In this article, Kim McNaughton explains the key differences between a share sale and an asset sale method.
As we all know, it has been possible for dental practices in Scotland to be owned and operated by a dental body corporate (DBC) since 2010. As such, we are now starting to see an increasing amount of DBCs looking to sell their dental practice and a question that we are asked on a regular basis is whether they should structure their sale as a share sale or an asset sale.
When a DBC is involved, it is important for both buyers and sellers to have a thorough understanding of the differences between a share and an asset sale, so they can make informed and practical choices.
What’s the difference?
In general, most buyers will want to proceed by way of asset sale and this is what we tend to recommend to our clients. The reason for this lies in the nature of what the buyer actually acquires.
Share purchase: the buyer purchases the shares in the DBC that owns the trade and assets of the dental practice. As such, the buyer is purchasing the DBC itself, which includes all assets, liabilities and obligations of the DBC. Once the transaction is complete, the buyer assumes responsibility for the whole company and the practice continues to be owned and operated by the same DBC.
Asset purchase: the buyer simply acquires the practice assets from the DBC. This may include both tangible assets and intangible assets. The buyer does not acquire the DBC itself. In most cases, the buyer has no ongoing connection with the DBC at all.
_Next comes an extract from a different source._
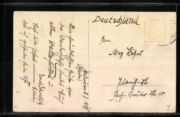 alte Ansichtskarte, gelaufen, Briefmarke entfernt, Einriss unten li., guter Zustand

How does this affect the sale?
Whether a DBC chooses to proceed by way of share sale or asset sale will have an impact on a number of areas of the sale process:
- Due diligence: in a share sale, the DBC is acquired by the buyer in its present financial state and with all existing liabilities. As such, it involves a greater risk for the buyer than an asset sale does. The due diligence process that a buyer’s solicitor will undertake in connection with a share sale is therefore far more extensive and thorough. This will have an impact on both solicitors’ fees and accountancy fees
- Liabilities: in a share sale, the buyer purchases the DBC ‘warts and all’ and so will inherit any problems or issues that exist at the date of completion. Conversely, in an asset sale, with very few exceptions, all liabilities are left behind in the DBC
- Legal documents: as a share sale involves a greater degree of risk for a buyer, the legal contract and ancillary documents required are more complex than for an asset sale. The buyer will expect the seller of the shares in the DBC to give extensive warranties and guarantees on a number of issues and a more thorough disclosure exercise will require to be undertaken. Again, this will impact on a seller’s legal and accountancy costs
- Tax: depending on the price being paid, a share sale can be more tax efficient for the selling shareholders. In most sales, the selling shareholders of a DBC benefit from a Capital Gains Tax rate of 10%. By contrast, if a DBC sells its goodwill and assets, it will incur a tax liability on the gain achieved. If the shareholder then extracts the cash from the DBC, they will incur a further tax liability, which may make the overall deal less tax efficient
- Price: the price in an asset sale is normally simply the value of the goodwill, assets and property as agreed. However, in a share sale, the price will be very different as it will need to take into account the financial position of the DBC.
Fail to prepare, prepare to fail
We cannot stress enough the importance of planning when it comes to a sale. Before embarking on a sale process therefore, a DBC should:
- Get the practice in the best possible shape it can be. Ensure that the key paperwork is all in place and to hand, and all items of equipment have been serviced and hold a valid certificate
- Get your professional team in place. A dental practice is not like any other business and it is important that your professional team understand and appreciate these in order to make the sale process as efficient as possible. This is why we always suggest using a solicitor who has a proven and solid track record in the dental sector
- Decide how best to structure your sale. After you have appointed your team, it would be worth having an in-depth discussion with both your accountant and your solicitor as to the pros and cons of each structure, so that you can identify the most appropriate way forward.